_Work instruction_
For this task, copy all of the data below exactly and skip the pictures.

_Given information_
···
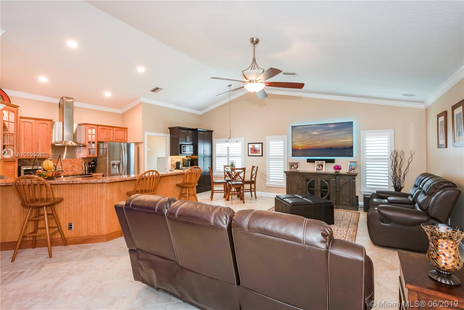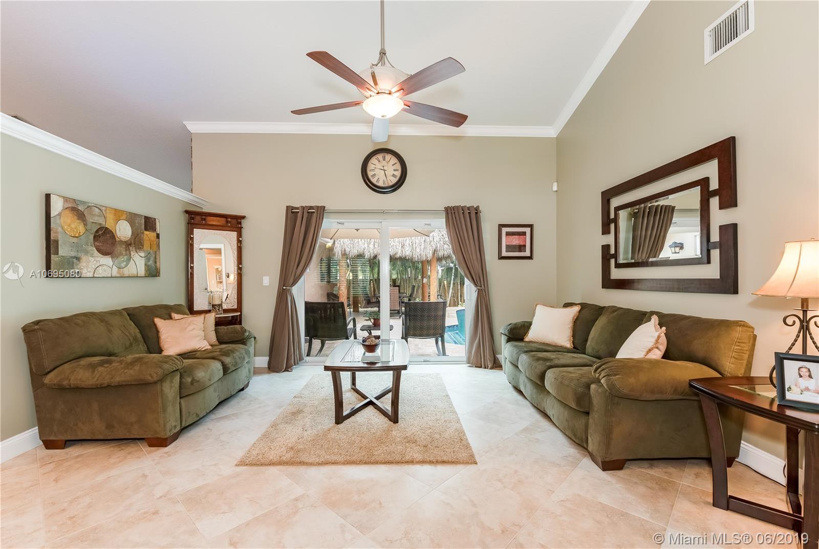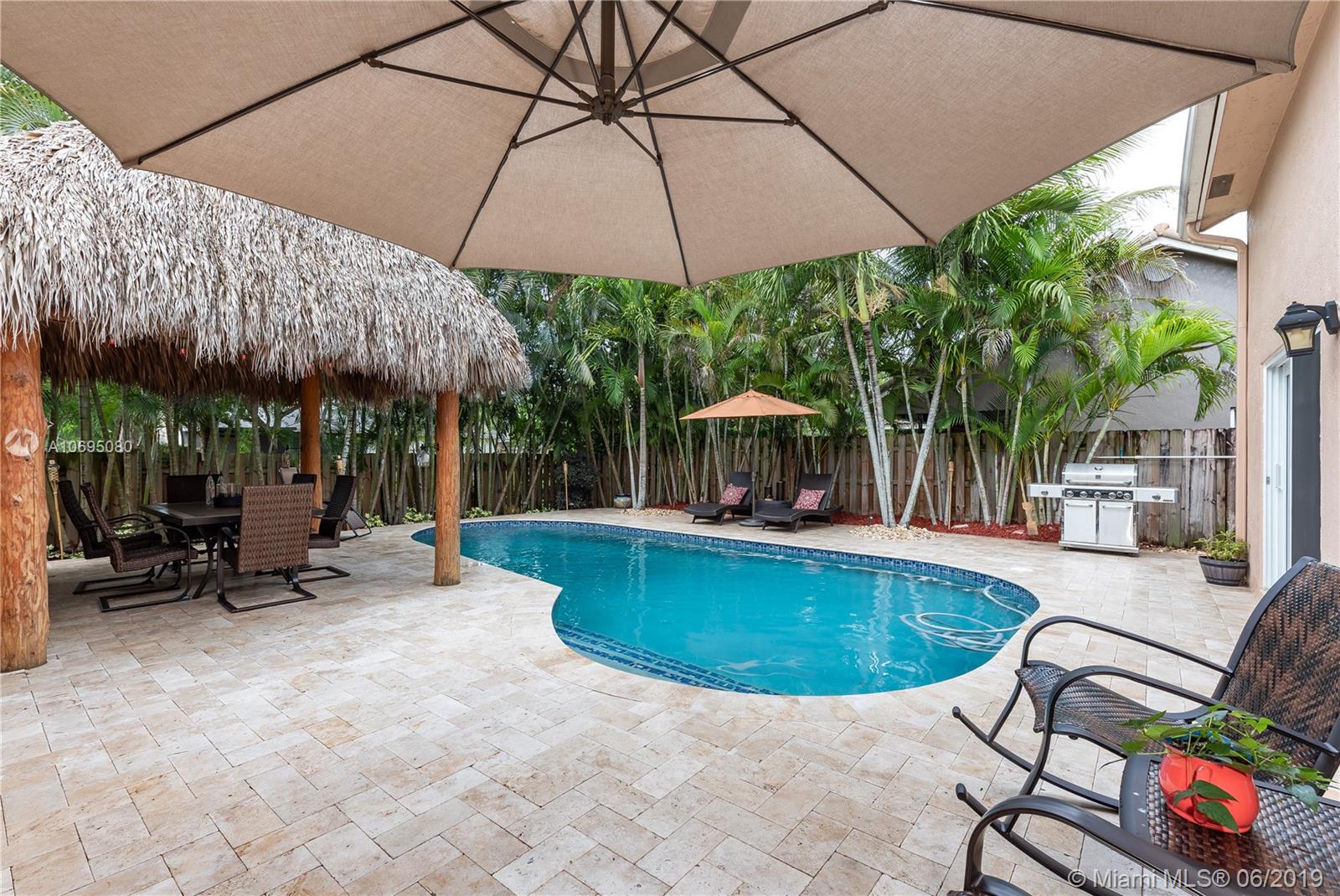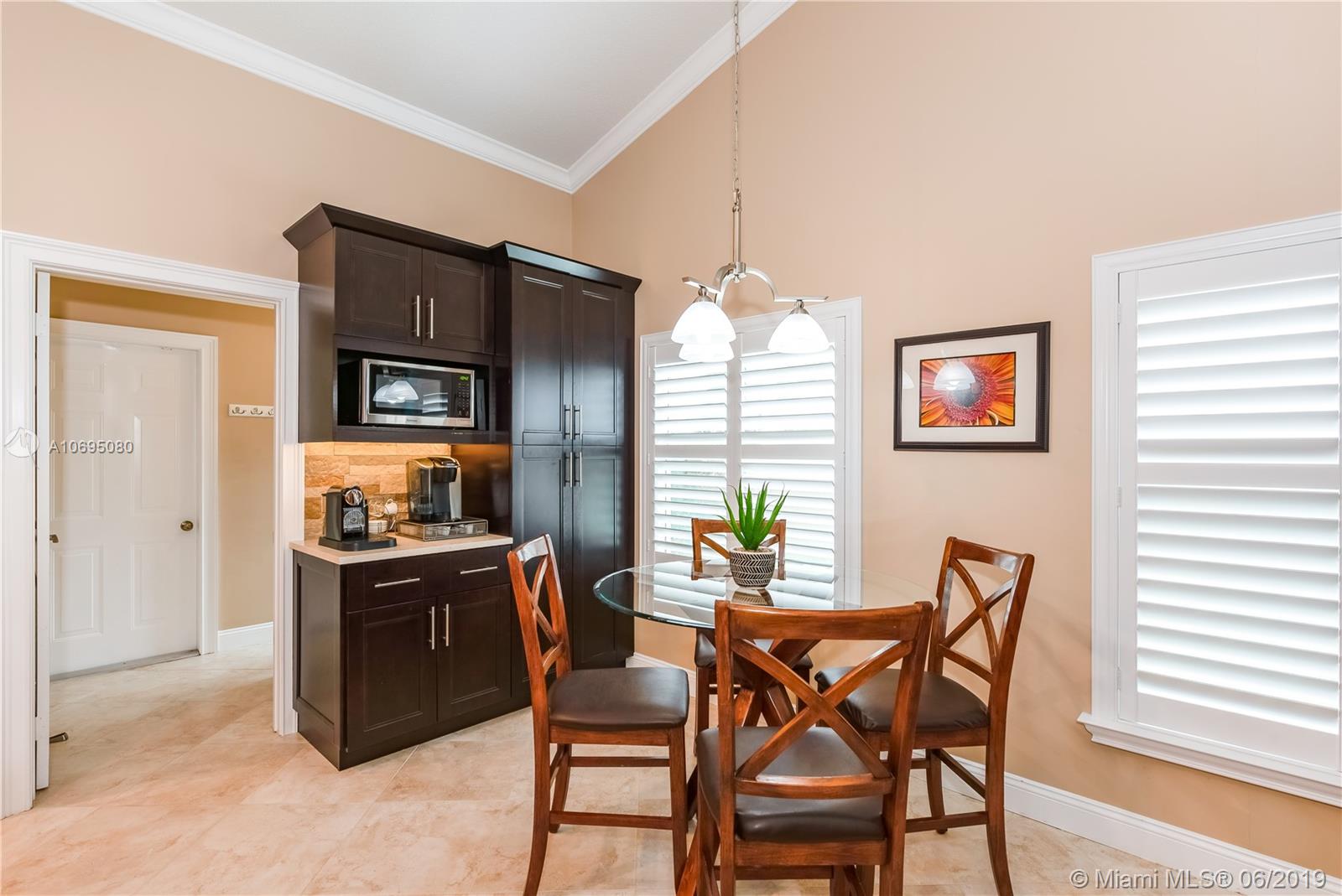 Wow! Over $95,000 in upgrades in this 4/2.5 Davie pool home. HIGH END features include all impact windows & doors, crown molding & baseboards, plantation shutters with moldings, gorgeous door frames & more. Handy Coffee bar with pantry and Airstone backsplash Phenomenal wine bar with cabinet & Airstone tile wall. Kitchen is remodeled with stainless stovetop hood & kenmore elite appliances. Walk outside to a perfect Florida patio complete with travertine deck, remodeled salt water pool & wired Tiki hut. Open concept floor plan is drenched in natural lighting from the abundant windows & high ceilings. Updated 1/2 bath. Pristine condition throughout this turn-key home. Arboretum is a friendly neighborhood located close to highways shopping & restaurants. Excellent Davie schools. Must see!
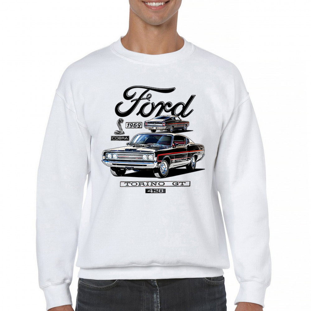 1969 Ford Torino GT Cobra design with racing stripes and Cobra badge—perfect for muscle car fans, Ford collectors, and show displays.
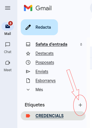 1- Hauràs d’anar al teu compte de Gmail i cercar a la part esquerra de la pàgina un apartat anomenat “Etiquetes“, al costat trobarás el signe “+“, clicka en l’icona:
···
_Result_
 Wow! Over $95,000 in upgrades in this 4/2.5 Davie pool home. HIGH END features include all impact windows & doors, crown molding & baseboards, plantation shutters with moldings, gorgeous door frames & more. Handy Coffee bar with pantry and Airstone backsplash Phenomenal wine bar with cabinet & Airstone tile wall. Kitchen is remodeled with stainless stovetop hood & kenmore elite appliances. Walk outside to a perfect Florida patio complete with travertine deck, remodeled salt water pool & wired Tiki hut. Open concept floor plan is drenched in natural lighting from the abundant windows & high ceilings. Updated 1/2 bath. Pristine condition throughout this turn-key home. Arboretum is a friendly neighborhood located close to highways shopping & restaurants. Excellent Davie schools. Must see!
 1969 Ford Torino GT Cobra design with racing stripes and Cobra badge—perfect for muscle car fans, Ford collectors, and show displays.
 1- Hauràs d’anar al teu compte de Gmail i cercar a la part esquerra de la pàgina un apartat anomenat “Etiquetes“, al costat trobarás el signe “+“, clicka en l’icona:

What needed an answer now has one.